Dependencies are a huge supply chain security risk; the more of them you have, and the more often you update, the bigger the attack surface.
  • Eager Eagle@lemmy.worldEnglish
    1·
    1 month ago

    You should probably turn off Dependabot

    Nonsense, most of these supply chain attacks are detected and have their problematic versions pulled within a few hours. Just set a cooldown period for dependabot.

    • FizzyOrange@programming.dev
      0·
      1 month ago

      I think the only mainstream language with a standard library that is both good and comprehensive is Go. All of the others either have smaller standard libraries (e.g. Rust) or poorly designed ones (Python).

      • GiorgioPerlasca@lemmy.ml
        0·
        1 month ago

        Java, .net and C++ have standard libraries that are much bigger and much more battle tested than the one of Go.

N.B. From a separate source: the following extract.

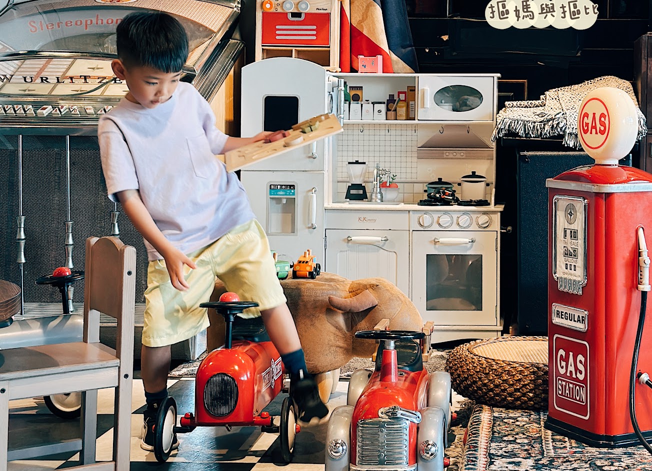 我們被室內「兒童遊戲區」和英倫風裝潢與重機相關收藏給震懾住!

        • FizzyOrange@programming.dev
          1·
          1 month ago

          I haven’t used Java for decades and never used .net so I’ll take your word for those. Absolutely not for C++ though.

          Go’s standard library has:

          • JSON, XML, etc.
          • A web client and server
          • Bigints
          • Logging
          • JPEG, PNG and GIF
          • SQL client
          • SSH client
          • All the crypto algorithms
          • Gzip, zlib, deflate, etc.

          C++ has none of that. Hell C++ only got a function to check if a string starts with a prefix a few years ago.